The Treasury said the move – following talks over the weekend between Mr Hunt and Prime Minister Liz Truss – was designed to “ensure sustainable public finances underpin economic growth”.
Following his statement, the Chancellor will address the House of Commons later on Monday ahead of the publication of his full medium term fiscal plan on October 31.
The move will be seen as an attempt to reassure the financial markets after weeks of turmoil in the wake of former chancellor Kwasi Kwarteng’s £45 billion mini-budget tax giveaway.
Following his surprise appointment on Friday, Mr Hunt effectively tore up Ms Truss and Mr Kwarteng’s previous economic strategy to cut taxes in an attempt to boost growth.
Instead, he warned that taxes would have to go up while spending would rise less quickly than had previously been planned.
Among the measures announced by Mr Kwarteng expected to be ditched are his promise to bring forward a 1p cut in the basic rate of income tax to April.
The measures come as Ms Truss continues to fight to hold on to her leadership, with three Conservative MPs already breaking ranks to call on her to go.
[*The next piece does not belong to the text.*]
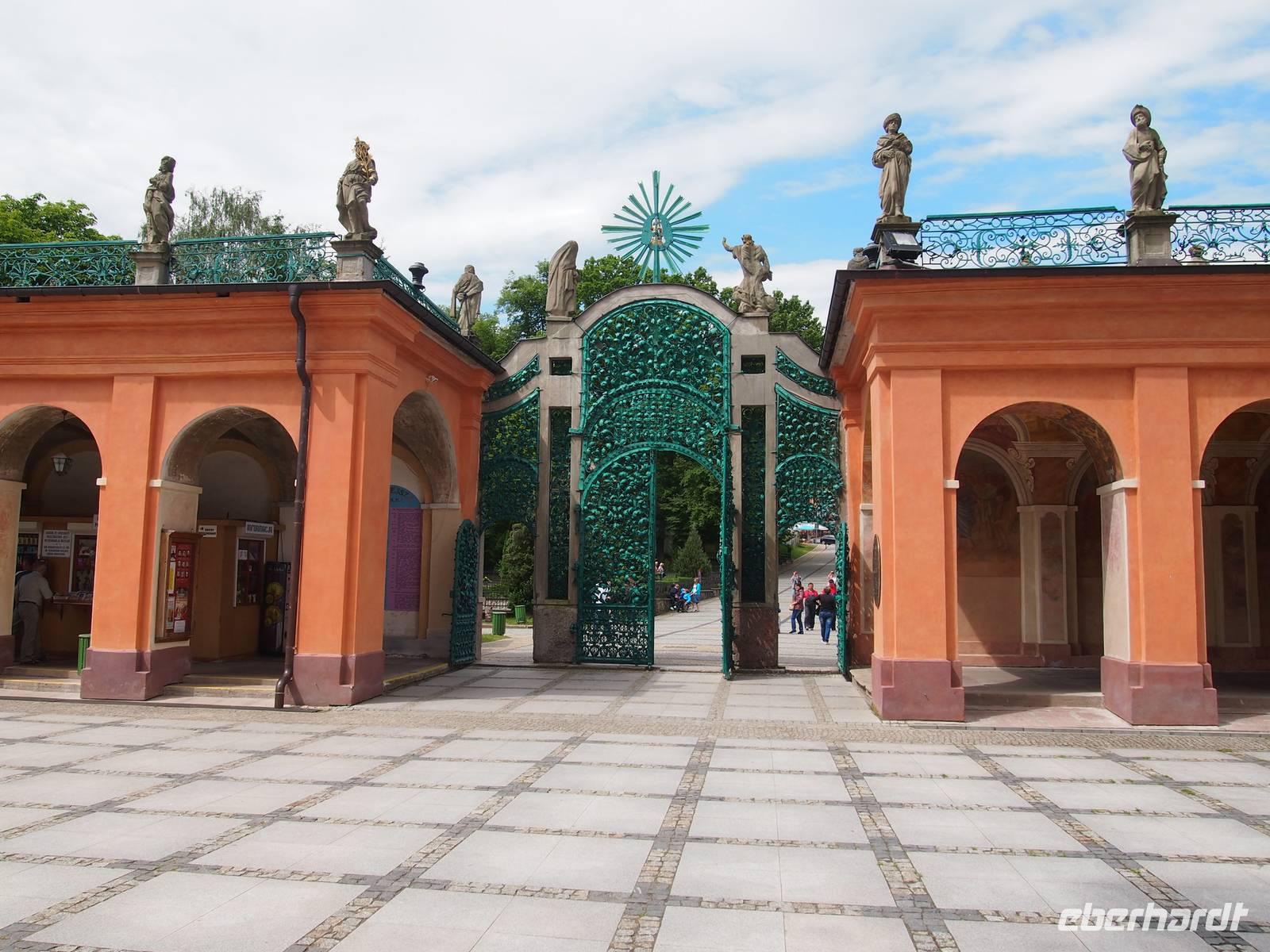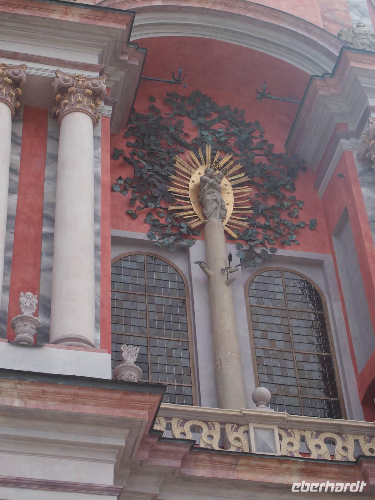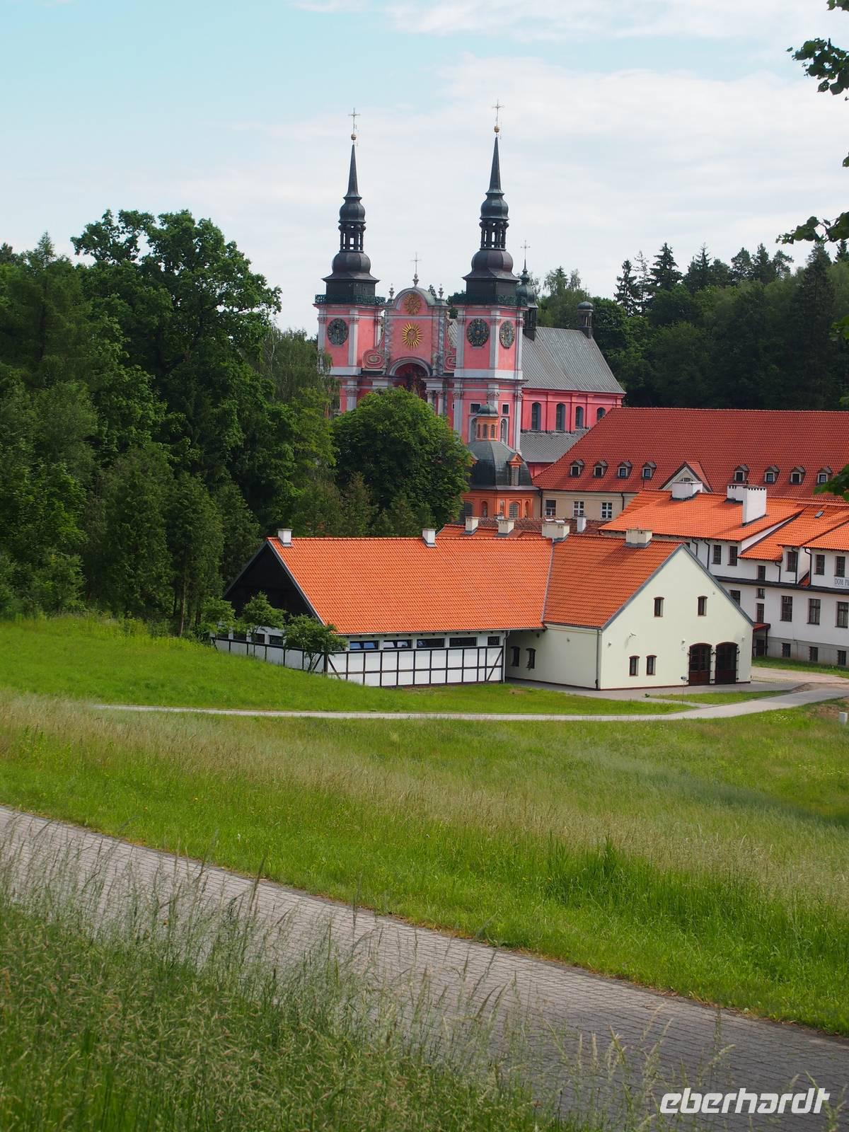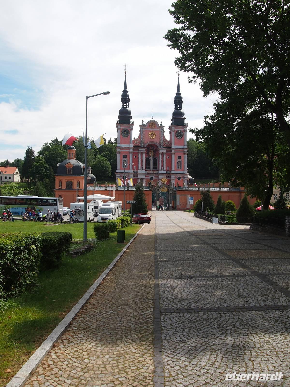 Einen ersten Eindruck der Pracht der Kirche konnte man schon von der Straße aus erhalten, als sie wie aus dem Nichts wunderschön, pompös und leuchtend rot im Grünen vor uns auftauchte.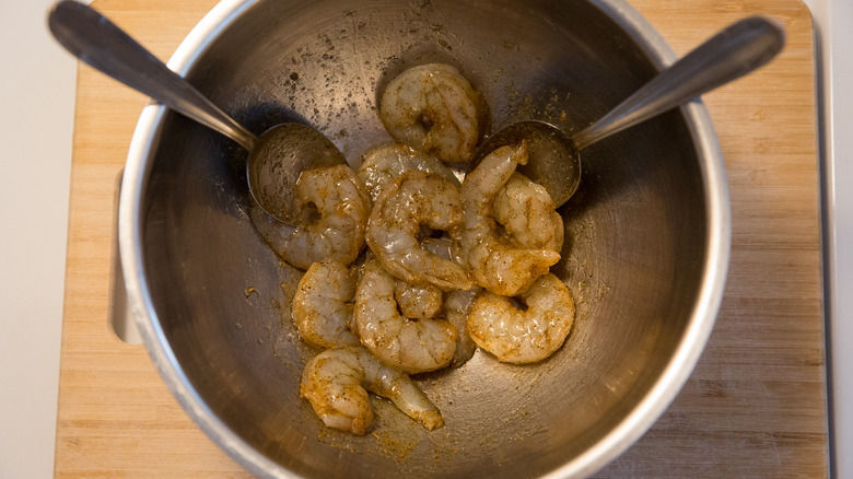 - While the water is heating, make the shrimp: Start by placing the shrimp, ½ tablespoon olive oil, and the spices in a large bowl. Toss until the shrimp are evenly coated.

Crispin Blunt, Andrew Bridgen and Jamie Wallis all called on the Prime Minister to quit on Sunday, while other senior figures within the parliamentary party expressed deep unease with Ms Truss’s leadership but stopped short of calling for her to go.
Mr Blunt was the first MP to demand her exit, telling Channel 4’s Andrew Neil Show on Sunday: “I think the game is up and it’s now a question as to how the succession is managed.”
It came at the end of another extraordinary weekend in British politics, that even saw US President Joe Biden intervene to call Ms Truss’s economic vision a “mistake”.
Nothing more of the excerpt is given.